Instructions for the task
Write out, from the entries below, exactly the lines that run between the lines holding "Photo 1 : Frédéric" and "Нижня зона (3", inclusive, and stop there.

━━━━━ Recorded information

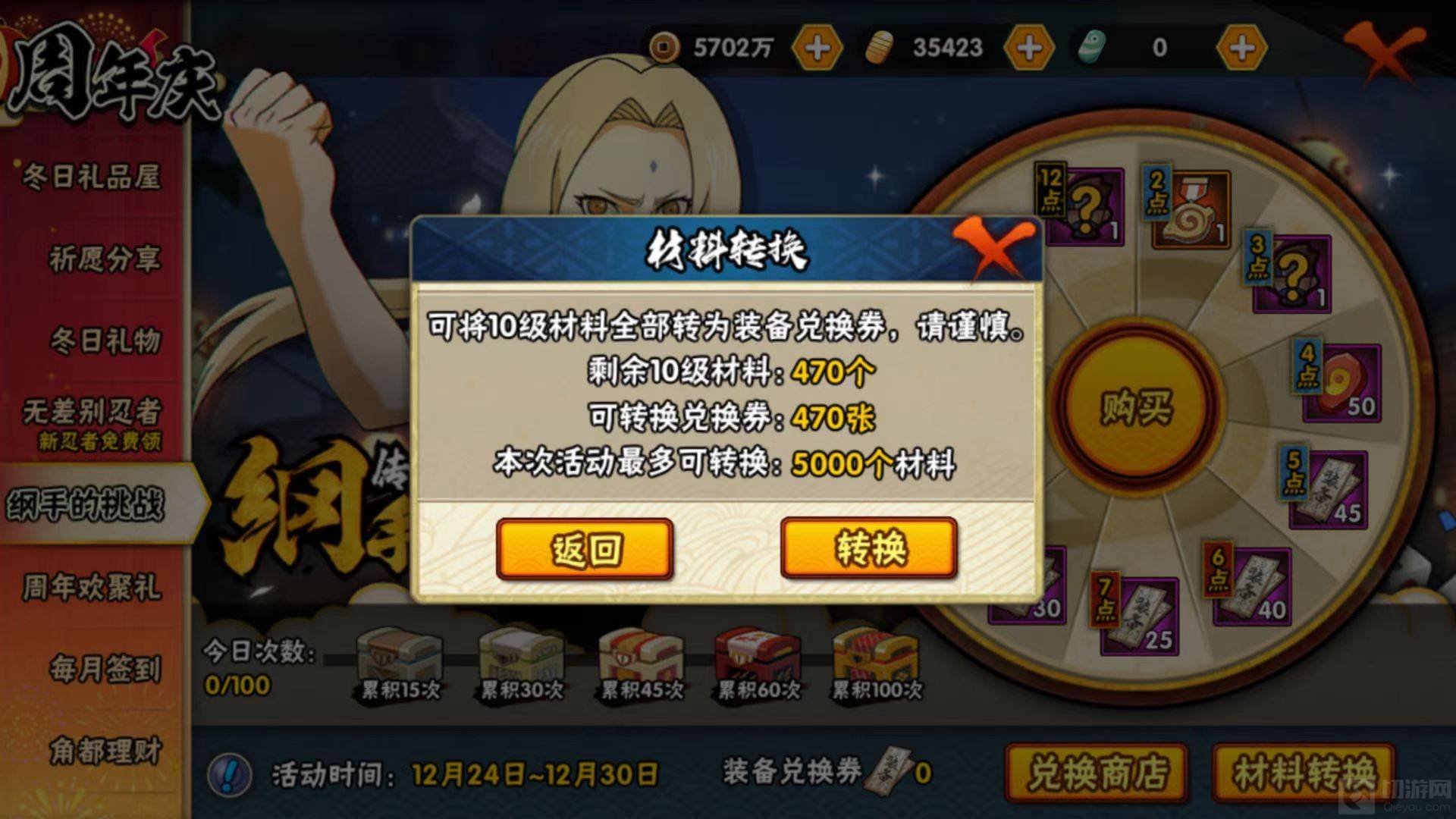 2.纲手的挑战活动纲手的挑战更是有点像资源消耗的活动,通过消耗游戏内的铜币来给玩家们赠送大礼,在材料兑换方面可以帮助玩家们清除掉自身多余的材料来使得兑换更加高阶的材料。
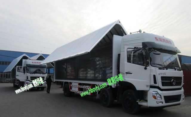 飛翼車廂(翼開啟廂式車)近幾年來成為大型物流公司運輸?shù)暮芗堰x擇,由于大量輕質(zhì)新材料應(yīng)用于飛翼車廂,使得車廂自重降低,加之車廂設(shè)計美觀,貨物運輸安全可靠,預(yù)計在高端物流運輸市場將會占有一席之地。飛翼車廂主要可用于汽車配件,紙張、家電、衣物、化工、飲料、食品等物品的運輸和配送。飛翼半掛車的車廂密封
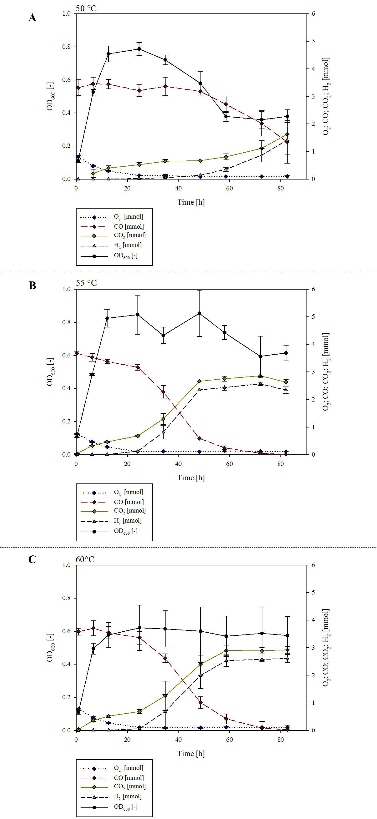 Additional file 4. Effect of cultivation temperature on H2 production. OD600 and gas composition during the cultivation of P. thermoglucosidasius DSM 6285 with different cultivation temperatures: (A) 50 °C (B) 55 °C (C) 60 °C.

━━━━━━━━━━
━━━━━ Recorded information

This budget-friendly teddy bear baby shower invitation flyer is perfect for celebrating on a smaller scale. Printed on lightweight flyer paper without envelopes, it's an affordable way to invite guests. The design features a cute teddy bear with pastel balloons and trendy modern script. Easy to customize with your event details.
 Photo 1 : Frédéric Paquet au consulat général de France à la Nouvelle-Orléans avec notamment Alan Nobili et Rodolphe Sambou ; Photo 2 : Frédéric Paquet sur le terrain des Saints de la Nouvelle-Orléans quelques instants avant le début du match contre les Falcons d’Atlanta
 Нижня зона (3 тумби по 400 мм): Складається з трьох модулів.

━━━━━━━━━━
━━━━━ Recorded information

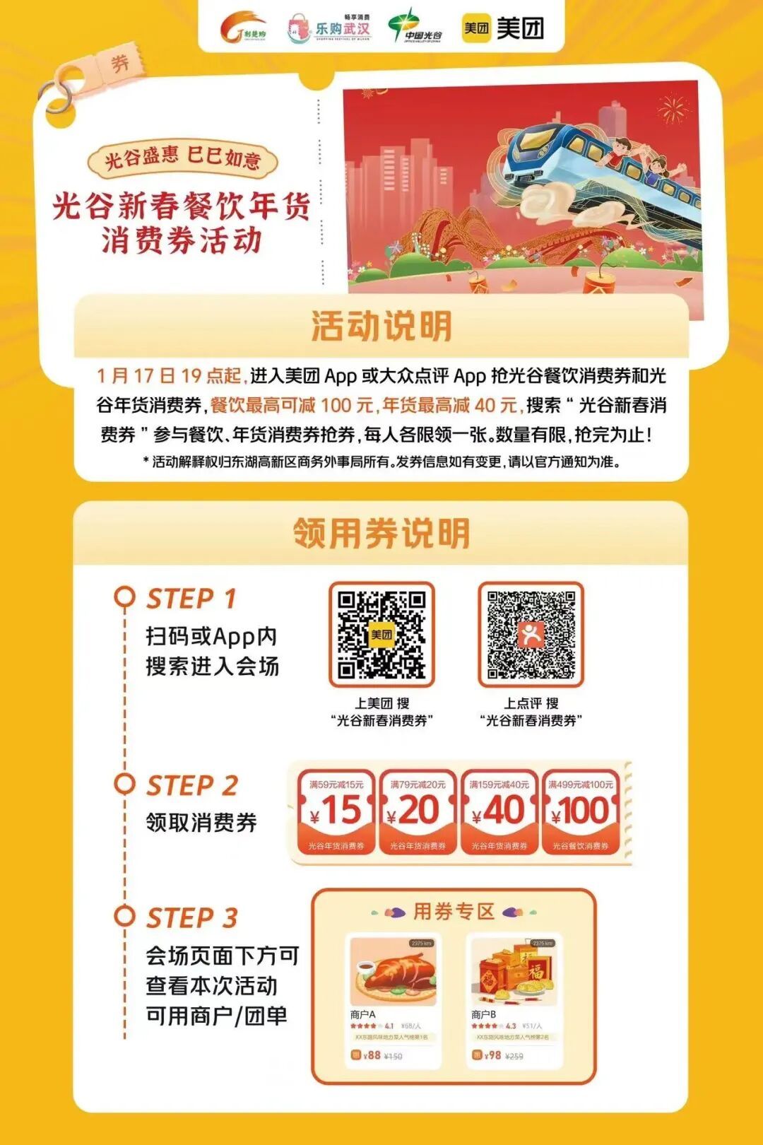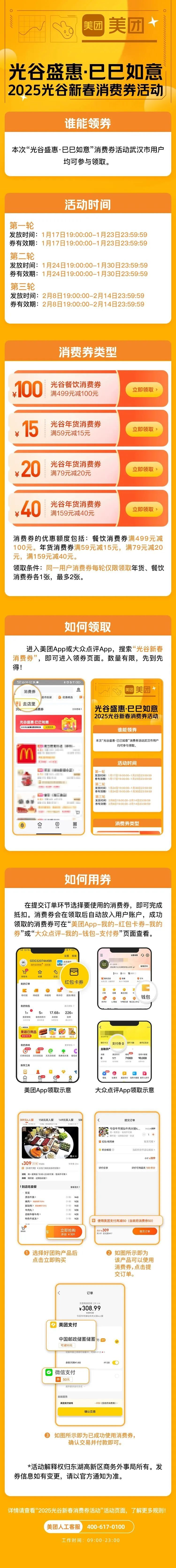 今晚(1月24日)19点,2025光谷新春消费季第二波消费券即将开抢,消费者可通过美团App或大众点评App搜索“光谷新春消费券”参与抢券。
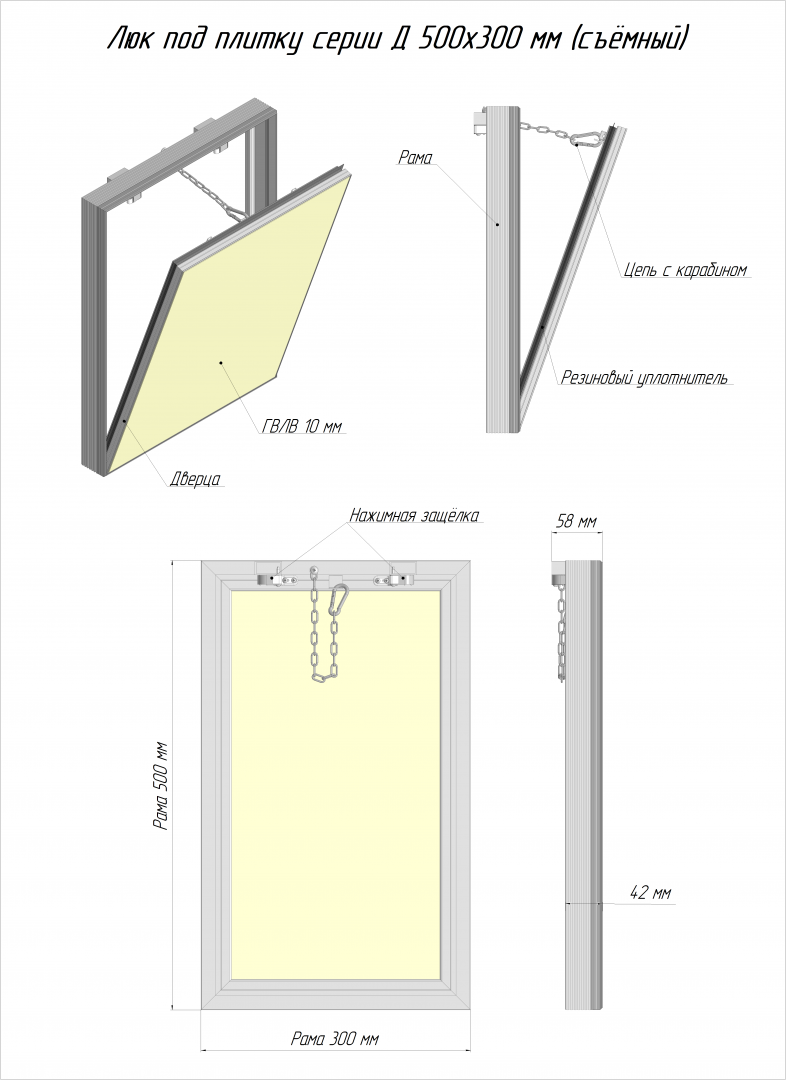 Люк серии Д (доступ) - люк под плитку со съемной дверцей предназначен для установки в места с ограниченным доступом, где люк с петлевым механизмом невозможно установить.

━━━━━━━━━━

Result of this task
 Photo 1 : Frédéric Paquet au consulat général de France à la Nouvelle-Orléans avec notamment Alan Nobili et Rodolphe Sambou ; Photo 2 : Frédéric Paquet sur le terrain des Saints de la Nouvelle-Orléans quelques instants avant le début du match contre les Falcons d’Atlanta
 Нижня зона (3 тумби по 400 мм): Складається з трьох модулів.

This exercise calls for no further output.